Forgetfulness in Computers

We count on computer hardware to be 100% reliable, and we tend to blame software for crashes. This is usually the correct thing to do, but not always.

imageI just read a Wired article on errors in memory chips, and the 2012 paper they reference that discusses hard versus soft errors. The summary is that memory chips sometimes forget things, and a lot of these errors are ‘hard’ errors that are caused by flaws in the chips. One strategy that they recommend is ‘page retirement’ – not using those memory pages that have a history of having failures.

This reminds me of an experience I had a long time ago with a bad memory chip.

Twenty five years ago I was working on the Commodore Amiga. Since I had lots (2.5 MiB!!!) of memory I set up a RAM disk (that would survive reboots) to make my compiles faster. This all worked fine imageuntil my RAM disk started having read errors. That’s not supposed to happen. When these errors continued after a reboot I investigated. I wrote a simple test program to scan all memory – writing and reading various values to ensure that they would stick. I quickly found that one particular bit at one particular address was faulty.
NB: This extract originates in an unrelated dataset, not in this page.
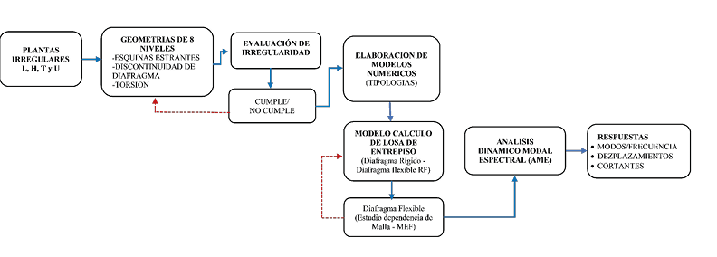 El presente estudio tiene un enfoque cuantitativo con un diseño de investigación no experimental del tipo transversal, explicativa y correlacional, debido a que se evaluó la respuesta lineal de las tipologías considerando el efecto de la irregularidad en plantas tipo L, H, T y U de edificaciones de concreto armado de ocho niveles. Se empleó la metodología del análisis dinámico modal espectral, considerando como carga sísmica el espectro elástico según la Norma Técnica Peruana NTP E.030 [10]. En la Fig. 2, se presenta la metodología empleada para la investigación.
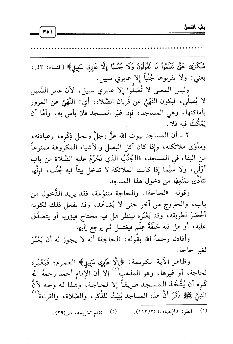 وليس المعنى لا تُصَلُّوا إِلا عابري سبيل، لأن عابر السَّبيل لا يُصلِّي، فيكون النَّهْيُ عن قُربان الصَّلاة، أي: النَّهْيُ عن المرور بأماكنها، وهي المساجد، فإِن عَبَر المسجد فلا بأس به، وأمَّا أن يَمْكُثَ فيه فلا.

The Amiga didn’t have virtual memory, so the faulty physical address was always seen by the processor at the same address. How convenient. So, I wrote a tiny program that allocated that address when my computer started up, to prevent the RAM disk or other software from using it, and I got back to work, now with just 2.499999 MiB of memory. Simple. And effective.

The laptop I use today has 8 GiB of RAM, which is more than 64 billion bits, with a transistor and capacitor per bit. That’s a lot of really tiny components, and I hope they are all working more reliably than the far smaller memory from so long ago.

I wonder when consumer machines will have to come with ECC memory to detect and protect against these failures?

About brucedawson

I'm a programmer, working for Google, focusing on optimization and reliability. Nothing's more fun than making code run 10x as fast. Unless it's eliminating large numbers of bugs. I also unicycle. And play (ice) hockey. And sled hockey. And juggle. And worry about whether this blog should have been called randomutf-8. 2010s in review tells more:
This entry was posted in memory, Programming and tagged . Bookmark the permalink.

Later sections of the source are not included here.